### Exercise brief
Word for word, copy the lines beginning at the one with "Ces pierres artisanales" and ending at the last line below; pictures stay out.

*** Data shown ***

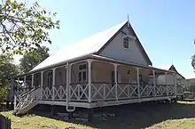 The residence has verandahs to four sides, with a separate kitchen wing at the rear connected via a covered landing. Original attic windows, one to each gable end, have been infilled with weatherboard.[1]
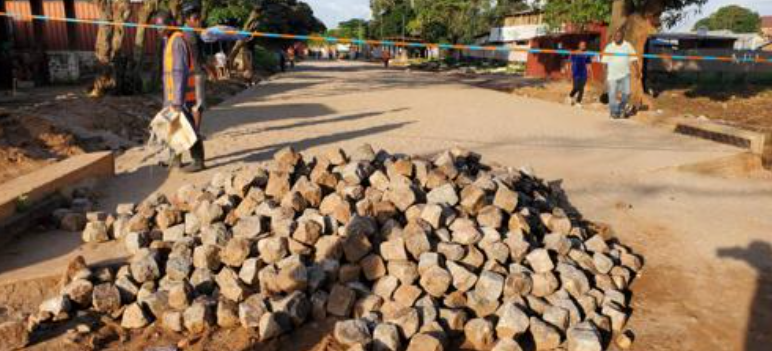 Ces pierres artisanales taillées au niveau des carrières situées au pied des montagnes surplombant la ville sont actuellement utilisées dans le revêtement de la « route mwami », une route secondaire qui est en pleine réhabilitation.
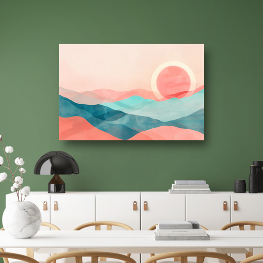 Abstract landschap met zonsondergang in pasteltinten canvas

*** End of Data shown ***

### Solution to this exercise
 Ces pierres artisanales taillées au niveau des carrières situées au pied des montagnes surplombant la ville sont actuellement utilisées dans le revêtement de la « route mwami », une route secondaire qui est en pleine réhabilitation.
 Abstract landschap met zonsondergang in pasteltinten canvas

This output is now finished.